REQUIRED ACTION »
Copy the lines below as they are; omit the images they contain.

GIVEN MATERIAL: Begin

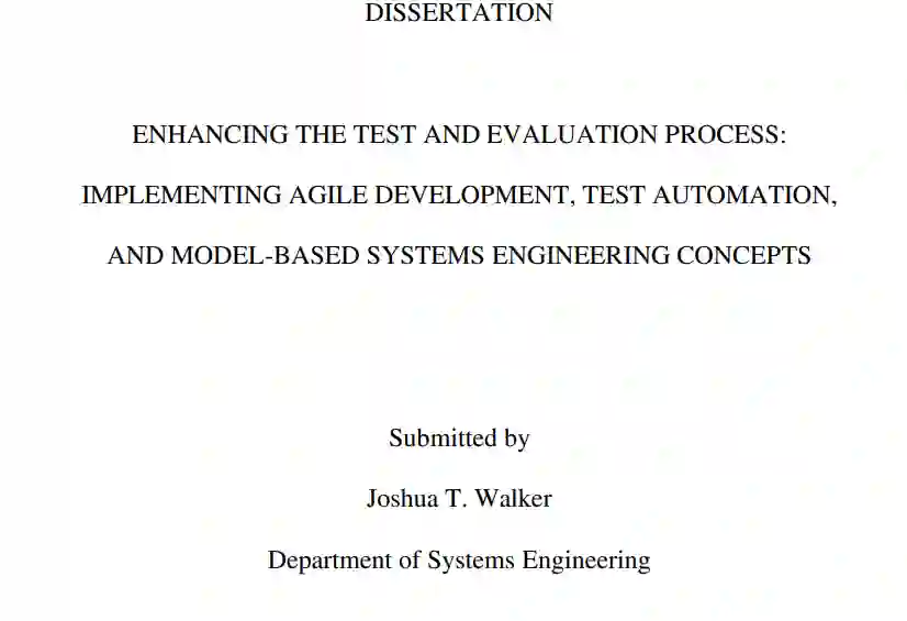 测试与评估(T&E)领域存在优化和创新的机会,自动测试框架和迭代测试方法的出现就是证明。基于模型的系统工程(MBSE)等相关概念的定向扩展和应用将带来更多机遇。本论文记录了在应用于实际项目时加强测试与评估领域的三种方法的开发和实施情况。首先,系统的开发方法从瀑布式(Waterfall)过渡到了敏捷式(Agile),从而在创建新功能时提供了一种反应更快的方法。其次,开发了测试自动化框架(TAF),实现了测试程序的自动执行。第三,使用系统建模语言(SysML)创建了一种测试文档方法,采用了 MBSE 的概念,使测试程序的规划和分析标准化。
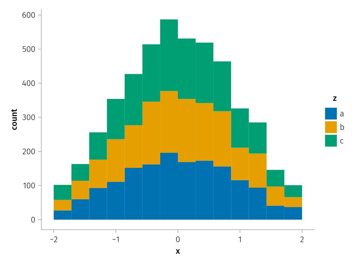 specs = data(df) * mapping(:x, stack=:z, color=:z) * histogram(bins=range(-2, 2, length=15))
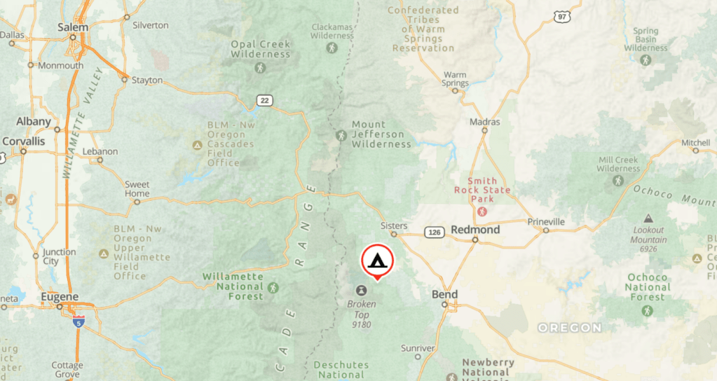 Directions: From Sisters, OR: Travel 15.2 miles south on Forest Road 16 (Elm Street in Sisters).

GIVEN MATERIAL: End

PROBLEM SOLUTION »
 测试与评估(T&E)领域存在优化和创新的机会,自动测试框架和迭代测试方法的出现就是证明。基于模型的系统工程(MBSE)等相关概念的定向扩展和应用将带来更多机遇。本论文记录了在应用于实际项目时加强测试与评估领域的三种方法的开发和实施情况。首先,系统的开发方法从瀑布式(Waterfall)过渡到了敏捷式(Agile),从而在创建新功能时提供了一种反应更快的方法。其次,开发了测试自动化框架(TAF),实现了测试程序的自动执行。第三,使用系统建模语言(SysML)创建了一种测试文档方法,采用了 MBSE 的概念,使测试程序的规划和分析标准化。
 specs = data(df) * mapping(:x, stack=:z, color=:z) * histogram(bins=range(-2, 2, length=15))
 Directions: From Sisters, OR: Travel 15.2 miles south on Forest Road 16 (Elm Street in Sisters).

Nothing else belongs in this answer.